Plans to promote participant retention and complete follow-up {18b}
In order to control patients for taking curcumin and placebo they will be followed-up by phone every month. curcumin and placebo will be given to the patients for one month and patients will be asked to bring the bottle of drug in their next visit for assessing their compliance and if anyone used less than 70% of drop, he or she will be excluded.
Data management {19}Research nurses and assistants collect the data at baseline and follow up and record it on electronic registry forms of cystic fibrosis in Khorasan province. Other additional date that is not available in the electronic registry form, will be recorded in the Excel file and in the paper forms at the same time. Also CFQ will be answered via electronic validated questioner by patients older than twelve years old. for patients younger than this age, clinical psychologist will ask them their questioner in the clinic.
Confidentiality {27}
Participants 'study information will be stored at the security site. All laboratory specimens, data collected, and reports will be identified by a coded ID number
Plans for collection, laboratory evaluation and storage of biological specimens for genetic or molecular analysis in this trial/future use {33}
We will try to collect a minimum two millilitre of blood sample for pharmaco-genetic and pharmaco-kinetic study in future use.
Statistical methods
Statistical methods for primary and secondary outcomes {20a}
Data analysis will be performed in SPSS version 20. The differences in the quantitative dependent variables will be evaluated using paired t-test or Wilcoxon test. The difference in the quantitative independent variables between two group, Mann-Whitney test or independent t test will be considered. The analysis of variance (ANOVA) or Kruskal-Wallis test will be applied for quantitative variable more than two groups. In all the statistical analyses, the P-value of ≤0.05 will be considered significant.
Interim analyses {21b}
Interim analysis is not considered. In case of frequent side effects (more than previous reports), we will stop the intervention and present the results to the Ethics Committee of Mashhad University of Medical Sciences (MUMS) for further decision
Methods for additional analyses (e.g. subgroup analyses) {20b}
Any covariates will be controlled by ANCOVA or binary logistic regression.
Methods in analysis to handle protocol non-adherence and any statistical methods to handle missing data {20c}
For incomplete block of date's, we will use intention to treat analysis.
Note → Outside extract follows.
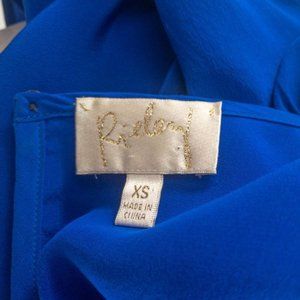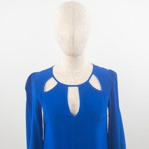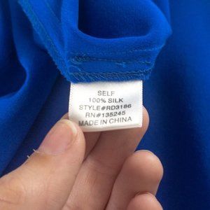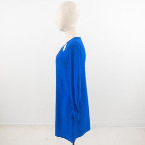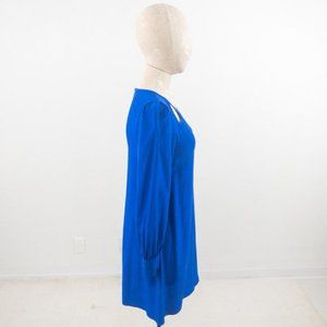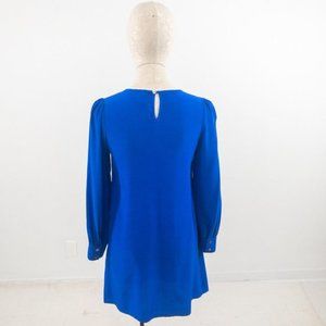 Beautiful blue silk dress w teardrop cutout neckline. Small puff shoulders & button cuffs. Relaxed fit - flowy. Clean w minor marks at under arm seams. GUC AS-IS.

Plans to give access to the full protocol, participant level-data and statistical code {31c}
We will attempt to release the full study protocol and results as soon as possible, regardless of the magnitude or direction of effect. The anonymized data set and statistical code may be available from the corresponding author (Email: kianifar [email protected]) on reasonable request.
Oversight and monitoring
Composition of the coordinating center and trial steering committee {5d}
The ethical committee and vice chancellery of Mashhad University of Medical Sciences, supervises all the study stages. It is an academic committee and has no competing interest
Composition of the data monitoring committee, its role and reporting structure {21a}
We do not have a DMC
Adverse event reporting and harms {22}
Frequency and plans for auditing trial conduct {23}
Auditing trial conduct is not considered
Plans for communicating important protocol amendments to relevant parties (e.g. trial participants, ethical committees) {25}
Any modification to protocol which may impact on the conduct of the study, will be approved by ethical committee of MUMS prior to implementation.
Dissemination plans {31a}
We will attempt to release the full study protocol and results as soon as possible, regardless of the magnitude or direction of effect. The anonymized data set and statistical code may be available from the corresponding author (Email: kianifar [email protected]) on reasonable request.